ZHOU TING, BSc. (Hon) NGS Postgraduate Student Department of Physiology MD11, 10 Medical Drive, #B1-07 Email: g0701828@nus.edu.sg Major Supervisor: Prof. Shazib Pervaiz Co-supervisor: Dr. Alan Prem Kumar Tel: (65) 6516-4445 Fax: (65) 6773-5461

In addition to their role in lipid and glucose metabolism, peroxisome proliferator-activated receptor gamma (PPARy) play a role in cancer development and represent promising target for cancer prevention and treatment strategies. We showed inhibition of intracellular pH regulator, NHE1 expression by direct silencing or pre-incubation with H2O2 led to cells’ growth arrest and sensitization to death triggers. Therefore, downregulation of NHE1 gene expression could be a promising avenue in the search for new strategies to induce tumor cells’ growth arrest and increase sensitivity to anticancer treatment. Indeed, having identified a PPRE on NHE1 gene, we showed exposure of breast cancer cell lines to low concentrations PPARy ligands represses NHE1 gene expression. Inhibition of NHE1 sensitized these cell lines to paclitaxel. Remarkably, PPARy ligands at these concentrations do not downregulate NHE1 and do not affect viability of normal breast cells, because of their very low PPARy protein levels. Lately there is increasing evidence of cross talks between PPAR and ER pathways.
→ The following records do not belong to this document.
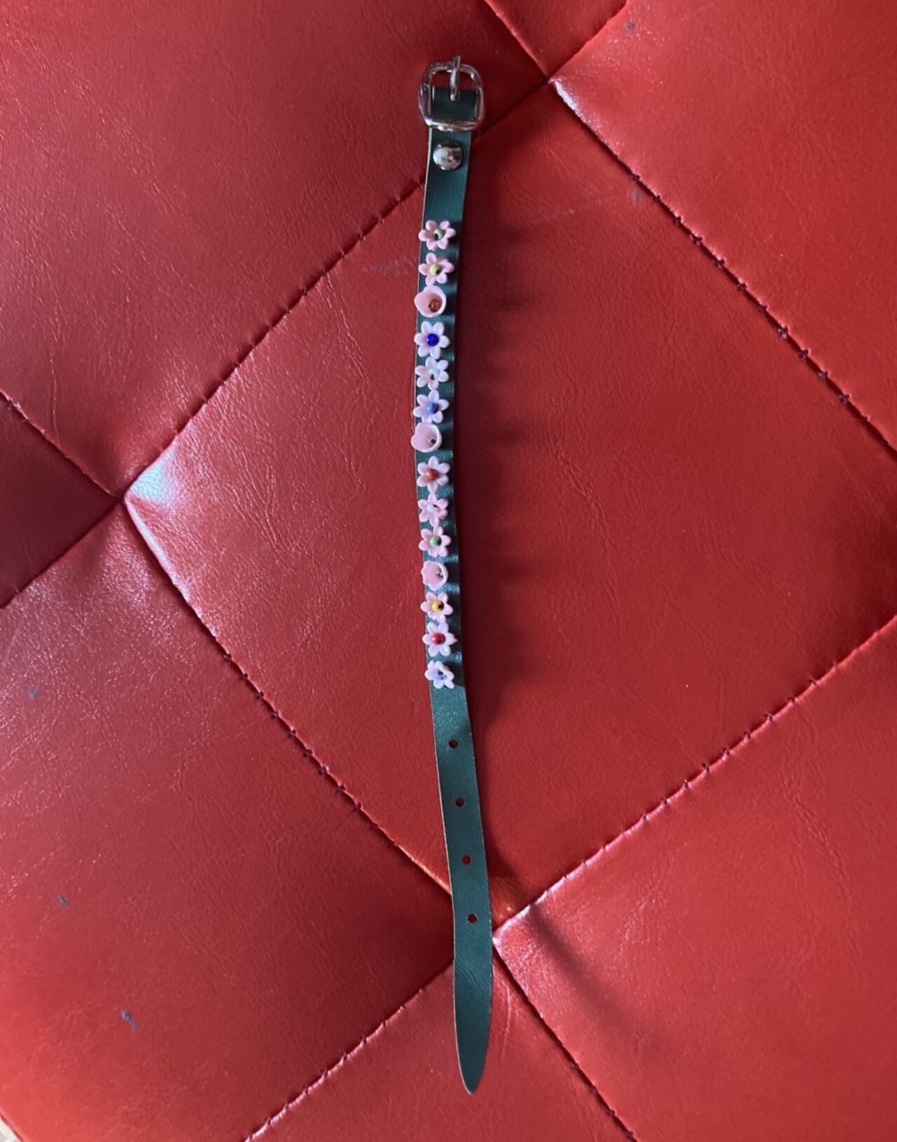 cavigliera verde fatta a mano, in pelle .
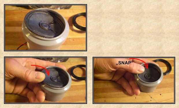 Para poner el altavoz en el anillo de Junta de la toma del desagüe, póngala en un tornillo de banco. Pulse ahora el tubo lentamente un poco junto hasta que el altavoz se pone en movimiento. Luego tomar la toma de la mordaza. Ahora presione el altavoz cuidadosamente y suavemente con los pulgares en. Funciona muy fácil y se escuchará un "Snap". Y eso es todo.
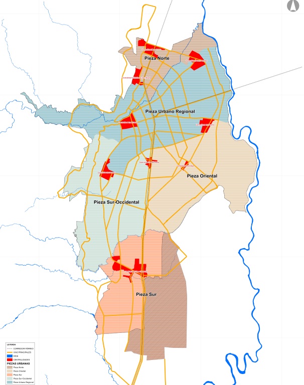 El POT del 2000 definió cinco piezas urbanas de planificación intermedia (ver fig. 1), cuyo papel era articular el modelo de ordenamiento territorial con las fichas normativas.
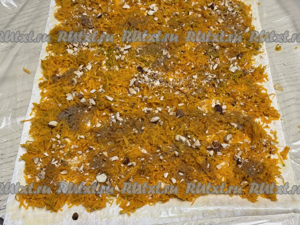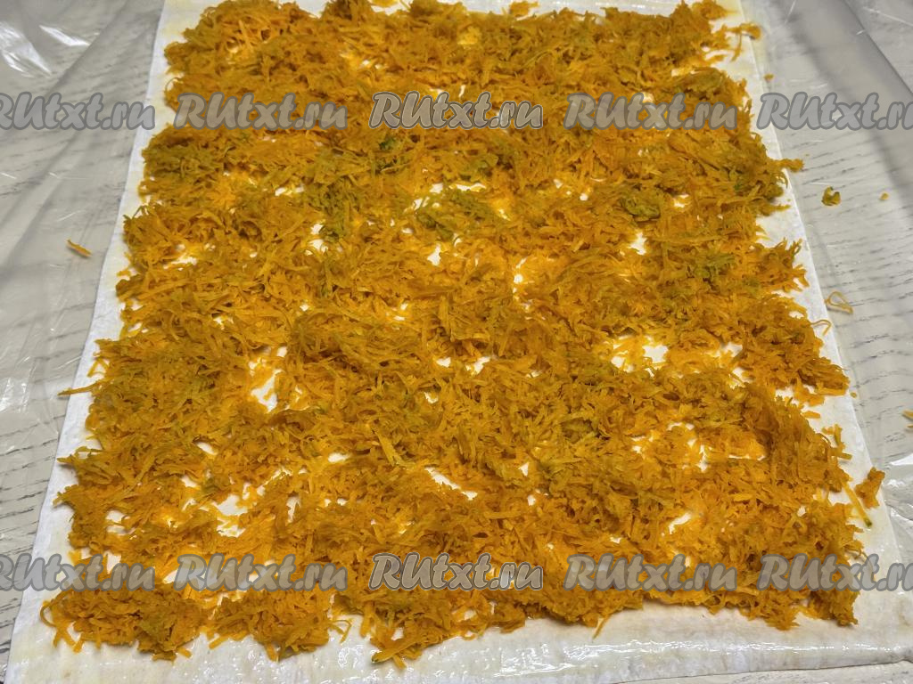 Отступая от краёв лаваша по 1 сантиметру, равномерно распределить по лавашу натёртую тыкву.
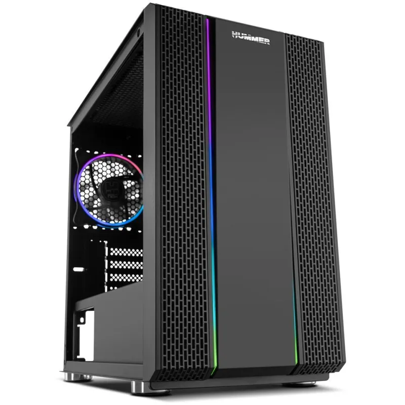 OPCIONES DE REFRIGERACIÓN: Mantener una óptima refrigeración en el interior de la Hummer Fusion S es fácil ya que permite integrar distintos sistemas de refrigeración: dos ventiladores en la parte superior y dos en el frontal de hasta 140 mm (no incluidos) más el trasero de 120 mm ARG Rainbow ya preinstalado.
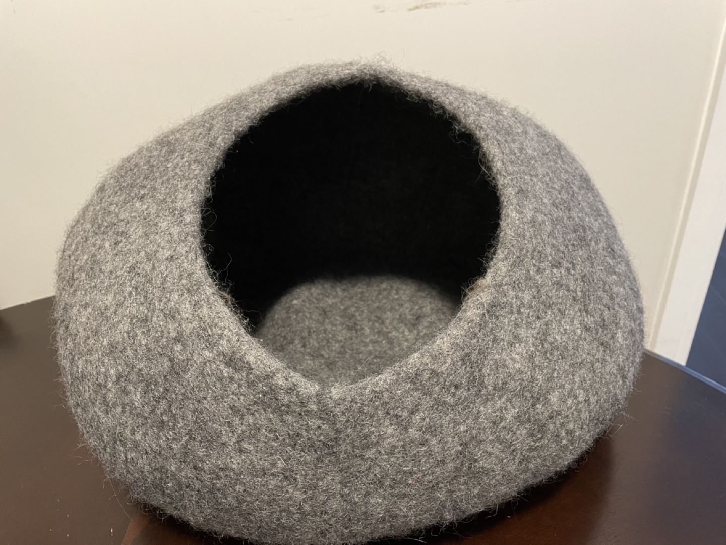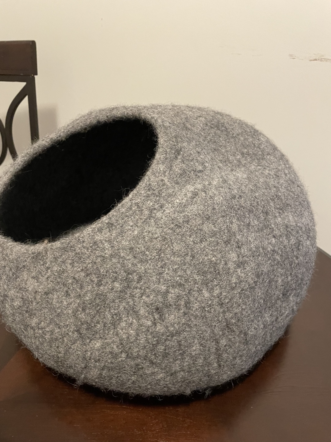 This wool cave and safe cocoon is almost new as my kitten turned out to be an extrovert and prefers to sleep in the open (Siberian cats are very extroverts and playful). You can see his insta page @neo.chiquito He used it a couple of times when he was younger but it would be a perfect hiding spot for shy furbabies.
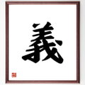 力強い一文字「義」を毛筆書道で丁寧に書き上げた色紙を額装してお届けいたします。義という文字は正しい道理や人として守るべき筋道を表す漢字であり、古来より日本人が大切にしてきた精神的な価値観を象徴しています。武士道においても重要な概念として位置付けられており、損得よりも正しさを重んじる心の在り方を示しています。現代社会においても変わらず通用する普遍的な価値として多くの人に愛され続けている文字です。熟練した書道家が心を込めて筆で書き上げたこの一文字は、シンプルでありながら深い意味を持つ力強い作品となっています。玄関やリビング、書斎、オフィスなどあらゆる空間に品格と落ち着きをもたらし、見る人の心に正義感と責任感を呼び起こします。毛筆の美しい線と墨の濃淡が織りなす書の美しさは、日々の生活の中で正しい判断をするための指針となってくれるでしょう。額に入れた状態でお届けするため、到着後すぐに壁に掛けたり棚に飾ったりしていただけます。ご自宅でのインテリアとしてはもちろん、開業祝いや新築祝い、昇進祝いなどの贈り物としても大変喜ばれています。特に経営者や指導者の方への贈り物として人気が高く、リーダーシップを発揮する際の心構えを思い出させてくれる存在となります。この一文字と書道の美しさが融合した作品は、持つ人の心を豊かにし、人生をより良い方向へ導く力を持っています。毎日目にすることで義の精神が自然と心に刻まれ、迷いが生じた時にも正しい道を選択できるようになるでしょう。書道愛好家の方にも一般の方にも広くお楽しみいただける仕上がりとなっており、日本の伝統文化である書道の素晴らしさを身近に感じていただけます。
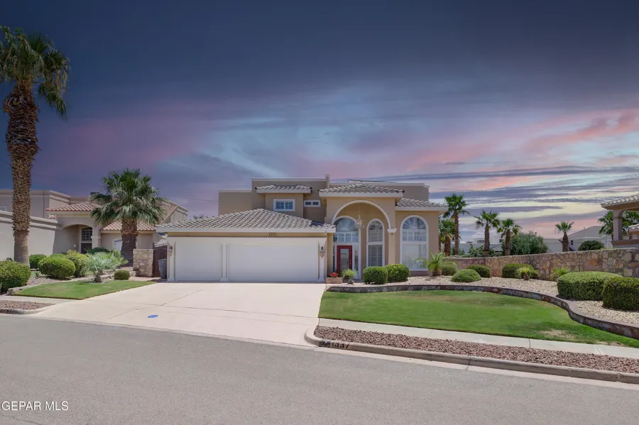 Welcome to 1337 Emerald Gate Lane-a beautifully maintained 4-bedroom, 3-bath home nestled in the desirable Stone Gate neighborhood in East El Paso. With 3,331 sqft of living space, this two-story gem features two spacious living areas, a formal dining room, and a bright kitchen with ample cabinet and counter space and a breakfast nook. Upstairs the oversized primary suite includes 2 walk-in closets, dual vanities, a walk-in shower and a soaking tub. You'll find generously sized bedrooms, perfect for a growing household or home office needs. Step outside to a fully landscaped backyard with a covered patio and large pool and spa-ideal for entertaining or relaxing after a long day. Additional highlights include paid off solar panels, refrigerated air, a three car garage, and a wet bar. Located near top-rated schools, parks, shopping, and dining, with quick access to Loop 375 and I-10. This move-in ready home combines comfort, convenience, and value-don't miss your chance to make it yours!
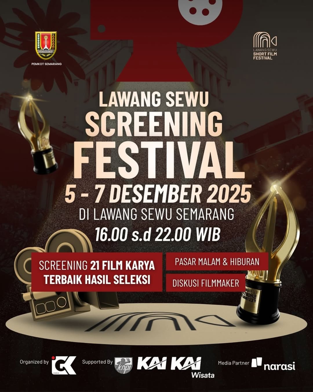 Lawang Sewu Screening Festival 2025 hadir untuk pertama kalinya! Siapkan diri kalian untuk menikmati pengalaman menonton 21 film yang lolos tahap seleksi dengan genre berbeda-beda.
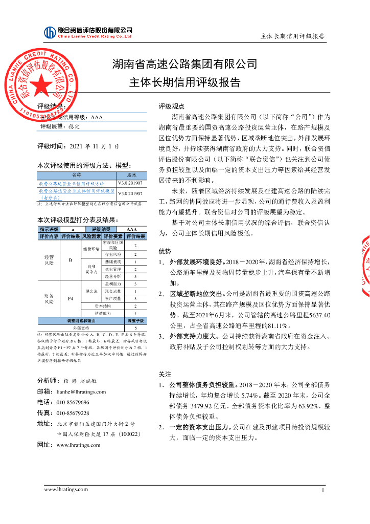 联合资信:湖南省高速公路集团有限公司主体信用评级报告.pdf
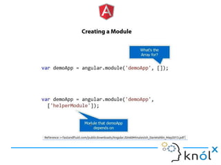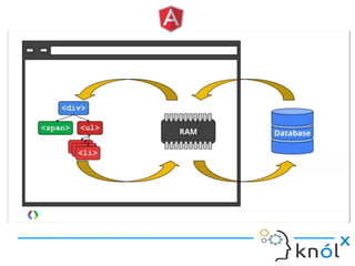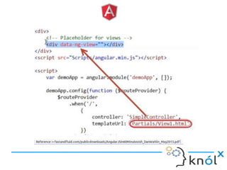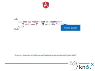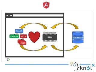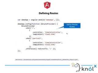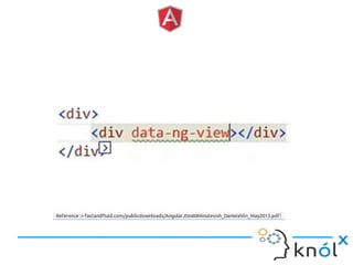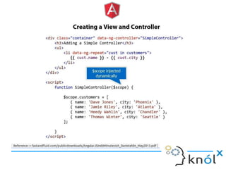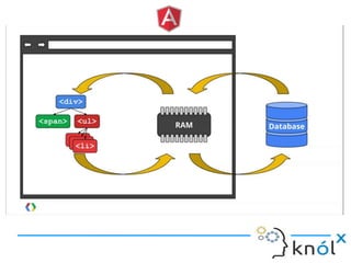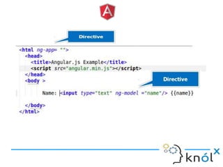 The document provides an overview of AngularJS, a JavaScript framework by Google for building single-page applications (SPAs) that focuses on dynamic web development with features like data binding and templating. It explains the framework's benefits, including simplifying development and enhancing testability, while clarifying what AngularJS is not, such as a JavaScript library or plugin. Additionally, it discusses key concepts like directives, factories, and the general structure for setting up an AngularJS application.
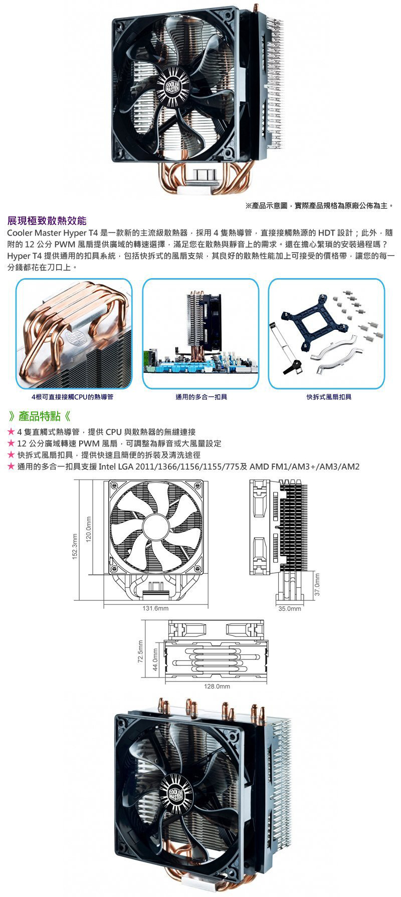 酷碼 Hyper T4 4根熱導管/PWM風扇/高度15.2/TDP:140W【WX】
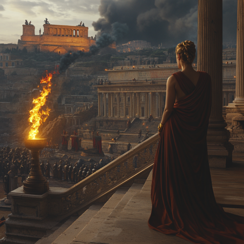 Athena stands poised in an elegant, shadowy library, her dark robes draping gracefully over her figure, with a golden belt accentuating her waist. She holds her spear lightly, her eyes thoughtful yet captivating. The candlelight casts a warm glow on her face, highlighting her refined beauty and confidence cinematic, 4K --ar 16:9

Bearing in mind, the role of estrogen in the development of breast cancer, we identified a putative ERE in close proximity to PPRE on NHE1 gene. We, therefore, hypothesize that in ERα-positive breast cancer cells, there may exits a possible cross-talk between ERa and PPARy. This project proposes to first investigate if presence of serum estrogen reverses PPARy-mediated repression of NHE1 and to demonstrate the effect of estrogen is indeed ERa-dependent. Having established this, we would then assess the binding activity of ERα to NHE1 promoter. In light of increasing number of breast cancer patients acquiring resistance to currently used anti-estrogen therapies, our ultimate intention from this study is to understand the molecular mechanism by which ERα reverses PPARy-mediated repression of NHE1. We believe this project will shed new light in developing new approaches for combining therapeutic agents to possibly re-sensitize breast cancer patients who are resistant to anti-estrogen therapy alone.